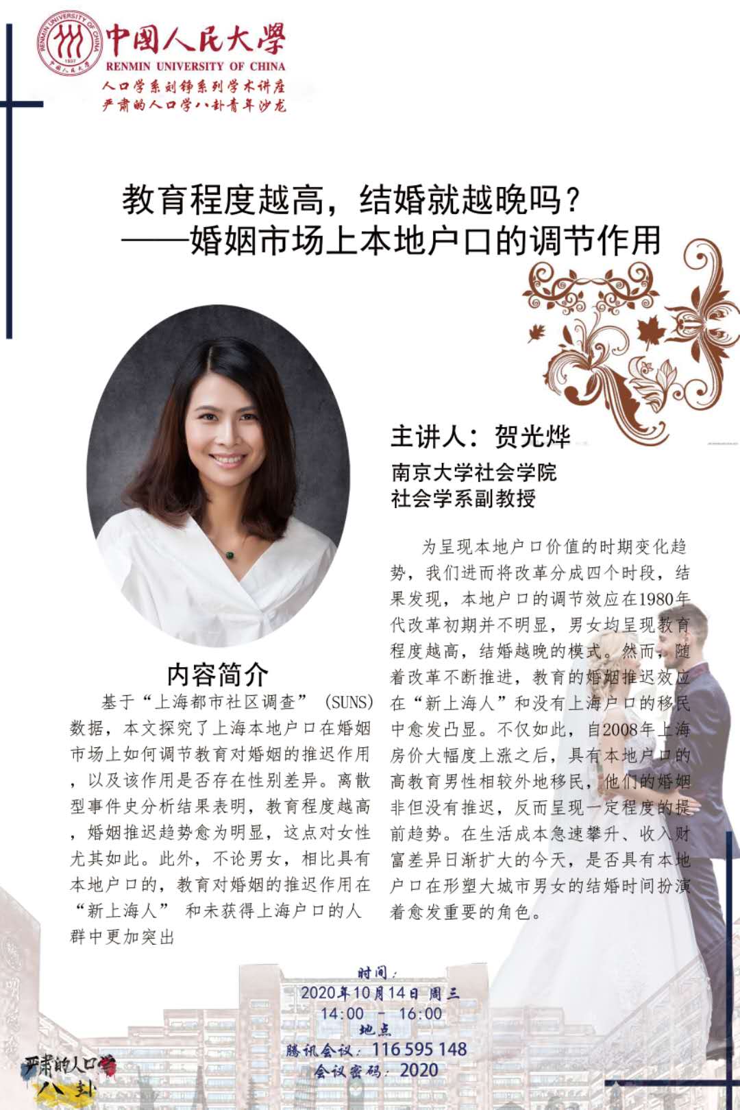 讲座预告| 贺光烨:教育程度越高,结婚就越晚吗?——婚姻市场上本地用户的调节作用
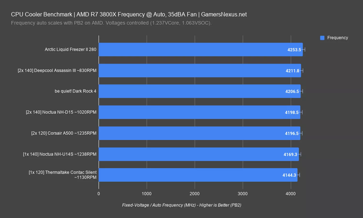 For auto frequency and normalized to 35dBA, the Liquid Freezer II chart-tops with the 3800X at 4253.5MHz all-core average, followed closely by the big air coolers. The Noctua NH-D15, be quiet! Dark Rock 4, and DeepCool Assassin III are all within error and test variance, as is the Corsair A500. Gaining an extra 50MHz over a high-end air cooler is about the difference you can expect if you’re not planning to overclock - the X62 would be in here as well with the Arctic cooler.
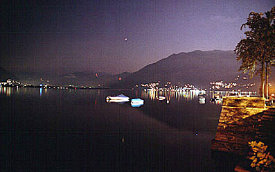 Uferpromenade von Locarno in der Dämmerung.
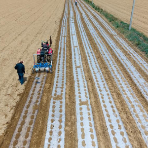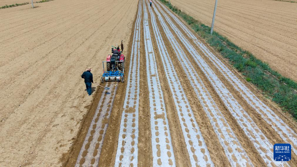 5月22日,在环县曲子镇五里桥村,村民对农田实施机械覆膜保墒作业。
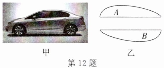 12. (跨学科实践·工程实践)(2024·西安雁塔校级模拟)观察如图甲中汽车的外形可知,若汽车在水平路面上急速行驶,由于汽车上、下表面空气的流动速度不同,汽车对地面的压力会
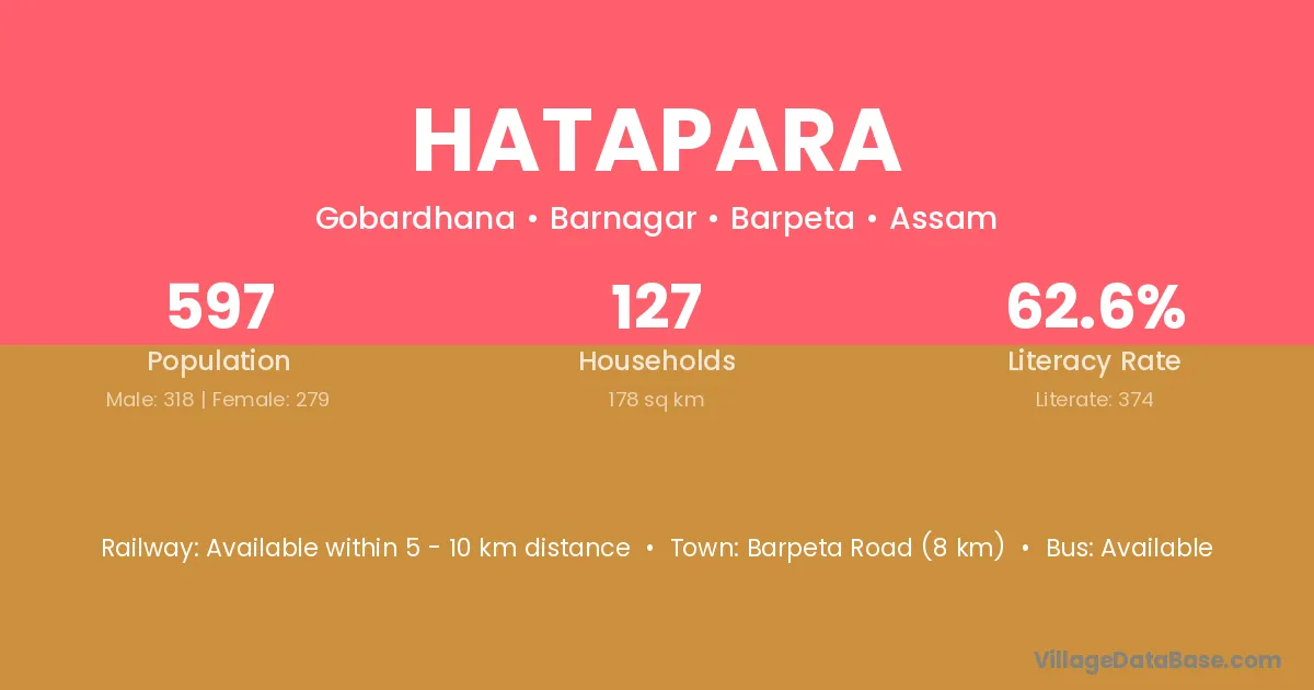 Barpeta Road (8 km) is the nearest town to Hatapara village for major economic activities and is located approximately 8 km away.
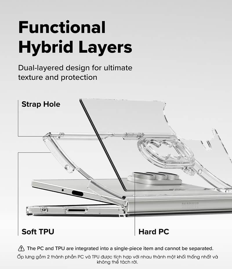 - Đặc biệt, dòng Fusion cho Galaxy Z Fold 7 có thiết kế kết nối phần trước và phần sau ốp lưng, giúp giữ nguyên vị trí trong khi mở và đóng thiết bị.
══════
> [Assignment]
All that should appear in the answer is the lines above from the line with "12. (跨学科实践·工程实" through the line with "Barpeta Road (8", retyped exactly, pictures left out.

> [Solved exercise]
 12. (跨学科实践·工程实践)(2024·西安雁塔校级模拟)观察如图甲中汽车的外形可知,若汽车在水平路面上急速行驶,由于汽车上、下表面空气的流动速度不同,汽车对地面的压力会
 Barpeta Road (8 km) is the nearest town to Hatapara village for major economic activities and is located approximately 8 km away.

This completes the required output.